Sa Chienne - Rémi de Vos

Sa Chienne est la première pièce d’un triptyque, « Trois Ruptures ». Remi de Vos met en scène la rupture. Cette situation si particulière qui met les êtres en porte-à-faux. Renvoi à une situation universelle. Qui n’a pas connu de rupture ? Toujours le même schéma triangulaire : le couple est en crise à cause d’un tiers considéré comme un rival, qu’il soit amoureux, sexuel ou autre.

Sa Chienne est la première de ces trois pièces.
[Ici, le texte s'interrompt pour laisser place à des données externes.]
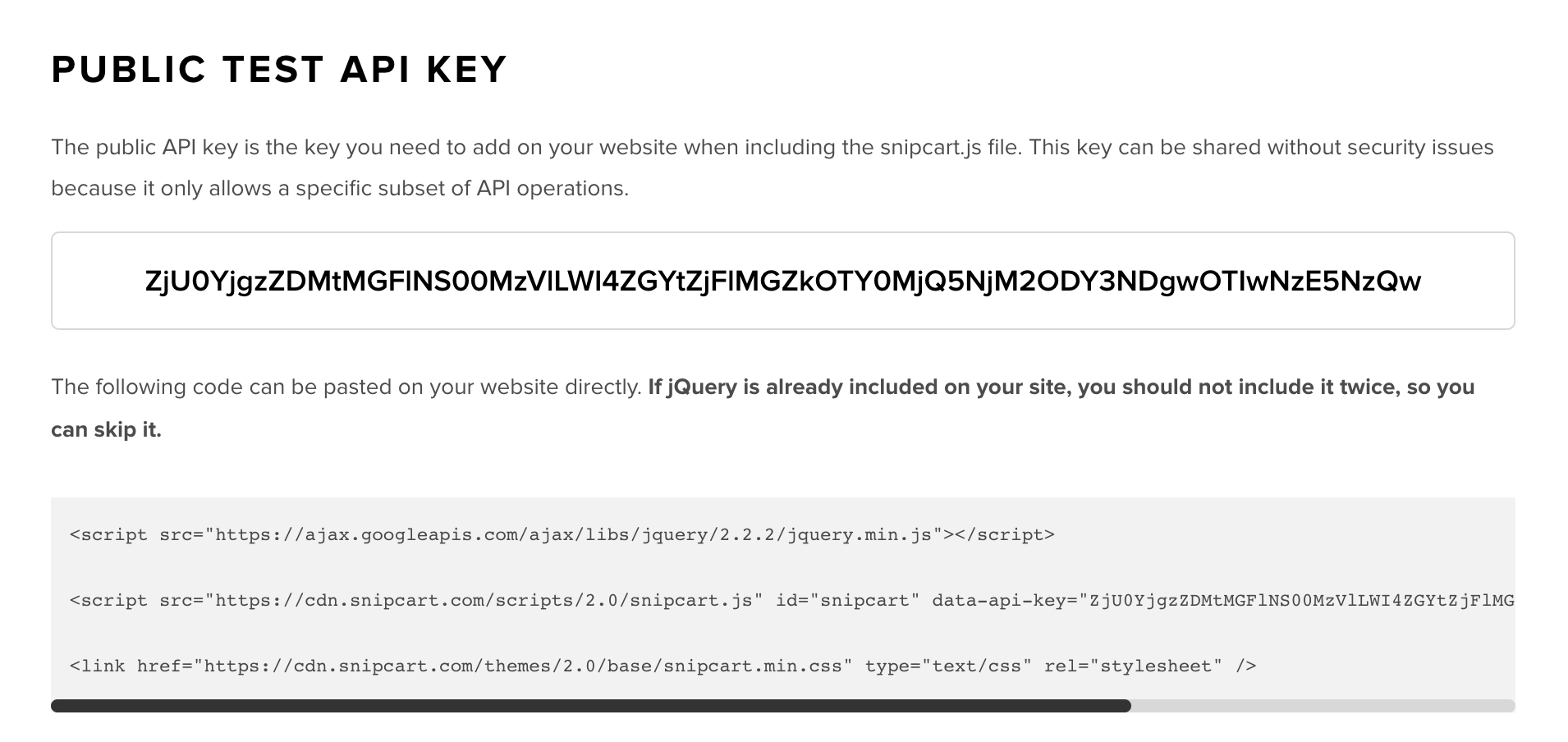 Once you have signed up, grab your code snippet from the Snipcart dashboard which looks like this with your API key in place: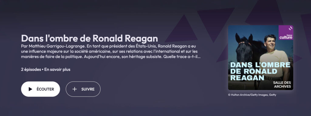 « Dans l’ombre de Ronald Reagan », sur France Culture. Ou comment nous rendre nostalgique (lol) du fondateur du néolibéralisme avec sa copine Margareth Thatcher. Reste que Reagan apparaît comme un homme sympathique… pas comme son successeur actuellement au pouvoir, lui aussi homme de spectacle !

Un homme et une femme se retrouvent autour d’un repas. Madame a pris la peine de passer deux jours dans sa cuisine, de mettre les petits plats dans les grands, de chorégraphier le service, pour le plus grand plaisir de Monsieur qui, sa mèche de cheveux de cadre moyen bien plaquée sur le côté, engloutit le repas avec des expressions démonstratives de délectation. Arrive le dessert. La cerise sur le gâteau. « C’était bon ? ». « Délicieux ! ». « Je te quitte ! ». « Tu vas où ? ». « Je te quitte. ». « Blague ? ». « Pas Blague. ». Le couperet tombe comme le couteau tranche le fromage.

photo: Julien James Auzan

Après une mise en bouche où il n’y a de saveurs que dans les plats tant la discussion entre les époux est stérile, la corrida amoureuse peut commencer. Mise à mort publique du couple. Avec une interrogation : lequel va prendre l’ascendant sur l’autre ?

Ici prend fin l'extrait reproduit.